Через два часа Василий остановился. Дождавшись нас, снял с плеча ружье, присел на вывороченное с корнем дерево, закурил и вместе с дымом выдохнул:
— Недалеко уже. Можно и отдохнуть.
В темноте уютно посвечивали огоньки сигарет. Где-то сбоку разорвал ночную тишь треск сучьев. Казалось, через чащу ломится неизвестное чудовище, неумолимо приближаясь к нам. Мы насторожились и вопросительно уставились на Василия. На спокойном, сосредоточенном лице карела не дрогнул ни один мускул. Василий предостерегающе поднял руку и застыл на месте. Шум стих в нескольких шагах от нас, а затем снова раздался треск ломающихся веток и, быстро удаляясь, растаял в ночи.
— Сохатый небось, — шепотом сказал Василий и, помолчав, добавил, будто передумав: — А может, и медведь. Вышел голодный из берлоги и шатается по тайге.

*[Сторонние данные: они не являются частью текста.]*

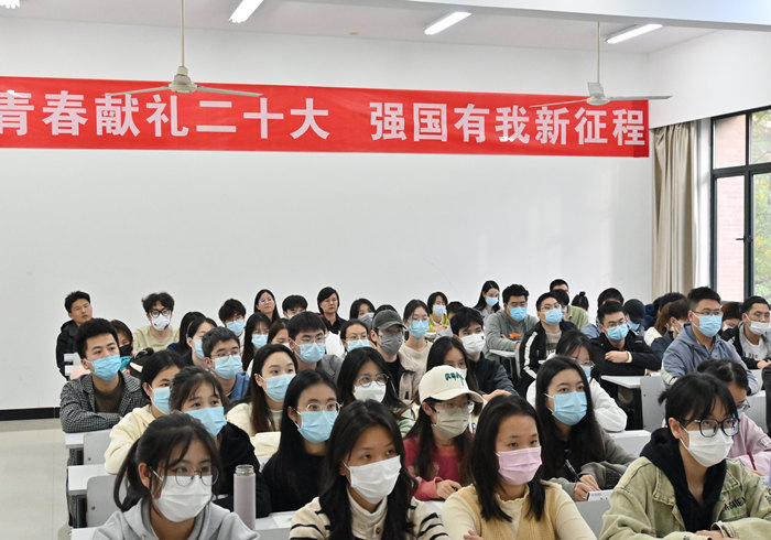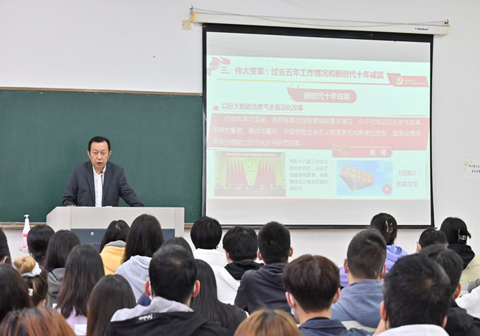 课上,乐传永校长指出党的二十大是在全党全国各族人民迈上全面建设社会主义现代化国家新征程、向第二个百年奋斗目标进军的关键时刻召开的一次十分重要的大会,科学谋划未来5年乃至更长时期党和国家事业发展的目标任务和大政方针。他用15个关键词带领学生们精准了解党的二十大会议主要内容,全面介绍中国共产党过去五年工作情况和新时代十年成就。他强调从现在起中国共产党的中心任务就是团结带领全国各族人民全面建成社会主义现代化强国、实现第二个百年奋斗目标,以中国式现代化全面推进中华民族伟大复兴。乐校长在讲授过程中将党的二十大精神与国情、党情、民情、校情有机融合,活化理论阐释,寻求思想共振,使这一堂特殊的思想政治课,在内容上体现政治热度,在思想上体现智慧深度,在讲授中饱含情感温度。最后他叮嘱同学们,青年是国家的希望、民族的希望,作为台院青年要扛起新时代中国青年的历史使命,立鸿鹄之志,做大任之才,成不朽之业,不断坚定理想信念,永远跟党走,奋进新征程,让青春之花绽放在祖国最需要的地方。

Мы снова закинули за плечи ружья и снова цепочкой двинулись по звериным тропам, но вскоре кончились и они. Василий свернул в сторону, и мы подошли к отвесной скале. Она была такая гладкая, словно какой-то великан тщательно обтесал, обточил ее, не оставив ни малейшего выступа или углубления, чтобы поставить ногу, ухватиться рукой. Однако Василий не колеблясь вел нас вдоль каменной стены, и вскоре мы нашли участок, где можно было кое-как вскарабкаться наверх.
— Здесь, — почти беззвучно шевельнул губами карел и жестом показал каждому из нас его место.
Мы немедленно разошлись.
Даже ранней весной ночи в Карелии такие же короткие, как у нас в Литве июньские. Темнело, когда мы вышли из деревни, а теперь, спустя несколько часов, восточный край неба снова начал светлеть, розоветь. Занимающаяся заря постепенно гасила звезды, и только на западе они, робкие и поблекшие, еще подмигивали спящей земле.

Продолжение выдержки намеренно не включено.